While deeming the death as not good enough for membership, as Snoke had vouched for Solo, Ren allows him to accompany the Knights anyway on a mission to the Minemoon of Mimban in search of a relic called a Mindsplinter, gifting him a set of black clothes. Intercepted by a group of miners and learning of the artefact's location with Solo's assistance, Ren and his Knights massacre the miners, shocking Solo, as his pursers Voe and Tai arrive, having followed him through the Force. Voe attacks the Knights, while Tai reasons with Solo over his decision to leave. Witnessing this, Ren snaps Tai's neck, killing him, and telling Solo that Snoke was wrong about him. Enraged, Ben duels Ren before impaling him, providing him the "good death" he asked for. After killing Voe with Ren's lightsaber, Solo turns to find the Knights bowing before him, recognizing him as their new leader.

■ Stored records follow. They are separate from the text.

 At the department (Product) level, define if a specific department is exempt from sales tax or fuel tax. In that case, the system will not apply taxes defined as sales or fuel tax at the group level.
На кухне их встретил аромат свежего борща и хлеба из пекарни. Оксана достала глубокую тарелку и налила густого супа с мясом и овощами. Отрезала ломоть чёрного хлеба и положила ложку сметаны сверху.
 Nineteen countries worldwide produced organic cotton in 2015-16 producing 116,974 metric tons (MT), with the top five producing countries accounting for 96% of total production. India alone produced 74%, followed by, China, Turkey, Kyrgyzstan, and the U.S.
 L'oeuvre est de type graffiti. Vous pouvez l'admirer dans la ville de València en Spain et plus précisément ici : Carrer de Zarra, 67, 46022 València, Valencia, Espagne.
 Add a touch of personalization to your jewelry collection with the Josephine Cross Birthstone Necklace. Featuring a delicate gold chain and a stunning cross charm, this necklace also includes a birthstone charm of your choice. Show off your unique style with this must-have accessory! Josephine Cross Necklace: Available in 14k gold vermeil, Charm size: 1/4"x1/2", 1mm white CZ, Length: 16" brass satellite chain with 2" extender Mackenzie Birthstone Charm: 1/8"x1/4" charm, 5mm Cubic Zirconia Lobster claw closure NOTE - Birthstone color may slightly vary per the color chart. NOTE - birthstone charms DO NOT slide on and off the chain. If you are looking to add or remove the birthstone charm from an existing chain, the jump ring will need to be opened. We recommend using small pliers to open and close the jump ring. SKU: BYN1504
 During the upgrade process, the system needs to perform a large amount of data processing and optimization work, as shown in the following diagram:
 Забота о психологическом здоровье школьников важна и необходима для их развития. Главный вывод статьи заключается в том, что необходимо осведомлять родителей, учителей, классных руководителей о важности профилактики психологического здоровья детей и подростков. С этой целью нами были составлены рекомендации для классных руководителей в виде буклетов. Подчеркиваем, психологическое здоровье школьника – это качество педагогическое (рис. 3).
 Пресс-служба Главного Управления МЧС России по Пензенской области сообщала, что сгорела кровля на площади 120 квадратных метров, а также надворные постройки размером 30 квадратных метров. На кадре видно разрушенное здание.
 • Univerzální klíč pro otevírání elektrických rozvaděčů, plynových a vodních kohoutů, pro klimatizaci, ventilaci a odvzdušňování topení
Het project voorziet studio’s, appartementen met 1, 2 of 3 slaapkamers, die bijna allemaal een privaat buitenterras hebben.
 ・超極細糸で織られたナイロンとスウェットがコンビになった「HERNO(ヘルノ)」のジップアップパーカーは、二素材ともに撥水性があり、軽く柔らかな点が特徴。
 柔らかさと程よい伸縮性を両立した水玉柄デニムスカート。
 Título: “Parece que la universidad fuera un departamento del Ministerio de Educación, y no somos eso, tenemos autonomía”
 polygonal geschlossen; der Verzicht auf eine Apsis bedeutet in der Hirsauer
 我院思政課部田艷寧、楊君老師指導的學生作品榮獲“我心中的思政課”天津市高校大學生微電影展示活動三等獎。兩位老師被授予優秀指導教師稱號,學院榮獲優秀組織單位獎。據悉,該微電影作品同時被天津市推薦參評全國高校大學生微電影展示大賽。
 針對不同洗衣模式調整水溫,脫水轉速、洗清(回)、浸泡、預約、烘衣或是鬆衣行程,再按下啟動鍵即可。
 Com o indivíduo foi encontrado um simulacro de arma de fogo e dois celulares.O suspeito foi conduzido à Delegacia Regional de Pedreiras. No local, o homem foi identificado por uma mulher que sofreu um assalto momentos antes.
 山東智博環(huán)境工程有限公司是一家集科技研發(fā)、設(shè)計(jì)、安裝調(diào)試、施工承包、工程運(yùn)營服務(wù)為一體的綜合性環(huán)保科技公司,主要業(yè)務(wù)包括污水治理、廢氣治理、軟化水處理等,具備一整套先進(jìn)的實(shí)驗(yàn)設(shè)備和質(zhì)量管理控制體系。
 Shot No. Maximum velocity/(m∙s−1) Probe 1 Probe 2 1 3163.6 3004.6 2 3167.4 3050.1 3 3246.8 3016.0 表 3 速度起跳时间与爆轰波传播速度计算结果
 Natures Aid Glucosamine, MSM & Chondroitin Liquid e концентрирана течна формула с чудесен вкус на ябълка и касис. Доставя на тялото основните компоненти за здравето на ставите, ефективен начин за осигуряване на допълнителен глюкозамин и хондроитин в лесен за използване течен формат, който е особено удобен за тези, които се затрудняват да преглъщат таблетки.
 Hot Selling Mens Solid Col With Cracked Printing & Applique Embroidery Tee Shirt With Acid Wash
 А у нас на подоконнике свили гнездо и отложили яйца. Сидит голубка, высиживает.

===War of the Bounty Hunters and Crimson Reign (2021–2022)===

War of the Bounty Hunters (2021) and Crimson Reign (2021–2022), also written by Soule with artist Steven Cummings, features a younger Ren and the Knights of Ren, consisting of a much larger group, both masked and unmasked, during the reign of the Galactic Empire, as their services are hired by Qi'ra, a former disciple of Maul, on behalf of her crime syndicate, Crimson Dawn.

===Terrifying Tales: The Lost Boy (2021)===

In the present of Lego Star Wars: Terrifying Tales, set shortly after the events of Star Wars: The Rise of Skywalker, Ren's helmet is now in the possession of Darth Vader's former servant Vaneé on Mustafar, who shows it to a stranded Poe Dameron before telling him a story of "The Lost Boy" — Ren meeting Ben Solo; as an unreliable narrator, Vaneé's story of events is wildly inaccurate, depicting Ren (voiced by Christian Slater) upon coming across an isolated and ignored Solo after an argument with his uncle Luke Skywalker, introducing the Knights of Ren as ones who use the "shadow" to take what they want from whoever they want, partying and partaking in acts of wanton violence, before inviting Solo on a joyride, gifting him a helmet and uniform. After partying with the Knights, Ren offers Solo membership if he burns down his uncle's Jedi Temple; after Ben refuses, one of the Knights derisively refers to Solo as a "kylo", a word signifying weakness, leading other members of the Knights to taunt him. After Ren attempts to burn the temple himself, Ben duels and defeats him, before the Knights accept him as their leader. In the present, after finishing telling Dameron the story and tricking Force-sensitive child Dean into opening a Sith holocron for him, Vaneé dons armour and Ren's helmet, using the holocron to give himself artificial Force sensitivity, before being knocked into lava by Dameron and Dean; unbeknownst to both, Vaneé survives, with Ren's helmet intact.